* **Exercise aim**:
Because the copy must hold no pictures, return the data below with all of its words intact.

* **Data below**:
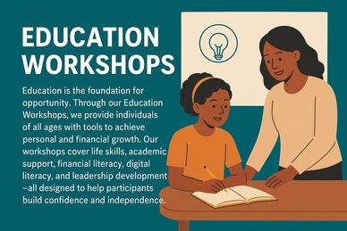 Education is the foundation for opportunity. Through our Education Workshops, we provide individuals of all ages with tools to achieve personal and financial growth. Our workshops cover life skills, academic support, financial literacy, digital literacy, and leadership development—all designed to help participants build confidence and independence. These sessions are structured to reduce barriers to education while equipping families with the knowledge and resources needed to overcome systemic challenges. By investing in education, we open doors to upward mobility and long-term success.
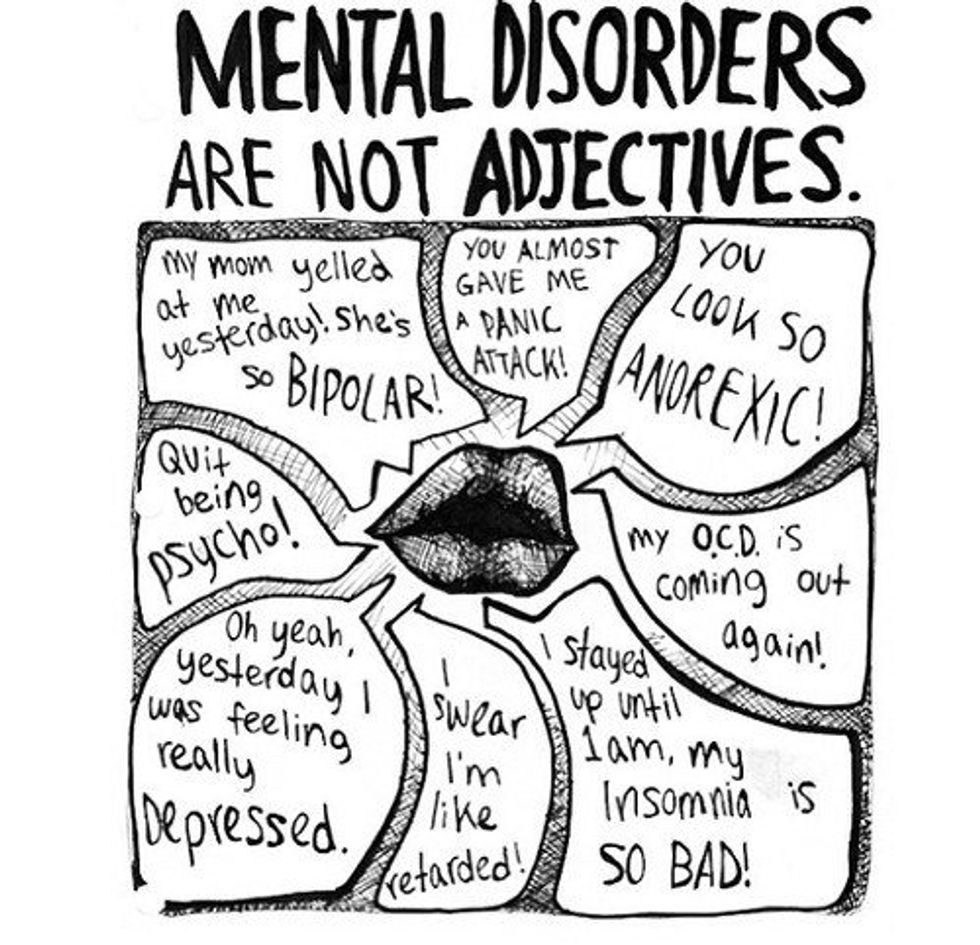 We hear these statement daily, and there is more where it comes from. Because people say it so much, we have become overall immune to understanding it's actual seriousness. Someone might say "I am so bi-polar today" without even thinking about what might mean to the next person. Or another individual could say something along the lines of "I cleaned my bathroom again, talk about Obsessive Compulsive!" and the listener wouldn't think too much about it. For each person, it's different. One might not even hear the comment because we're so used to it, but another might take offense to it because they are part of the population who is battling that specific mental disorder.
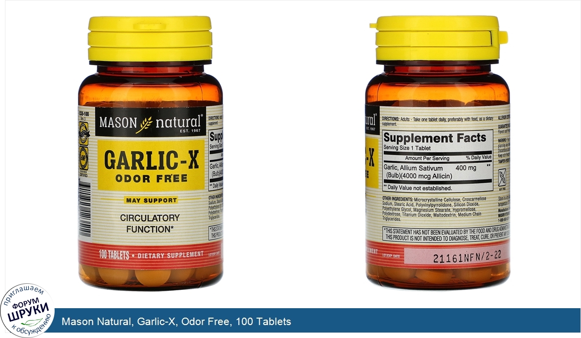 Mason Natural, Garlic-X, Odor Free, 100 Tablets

* **Completed task**:
 Education is the foundation for opportunity. Through our Education Workshops, we provide individuals of all ages with tools to achieve personal and financial growth. Our workshops cover life skills, academic support, financial literacy, digital literacy, and leadership development—all designed to help participants build confidence and independence. These sessions are structured to reduce barriers to education while equipping families with the knowledge and resources needed to overcome systemic challenges. By investing in education, we open doors to upward mobility and long-term success.
 We hear these statement daily, and there is more where it comes from. Because people say it so much, we have become overall immune to understanding it's actual seriousness. Someone might say "I am so bi-polar today" without even thinking about what might mean to the next person. Or another individual could say something along the lines of "I cleaned my bathroom again, talk about Obsessive Compulsive!" and the listener wouldn't think too much about it. For each person, it's different. One might not even hear the comment because we're so used to it, but another might take offense to it because they are part of the population who is battling that specific mental disorder.
 Mason Natural, Garlic-X, Odor Free, 100 Tablets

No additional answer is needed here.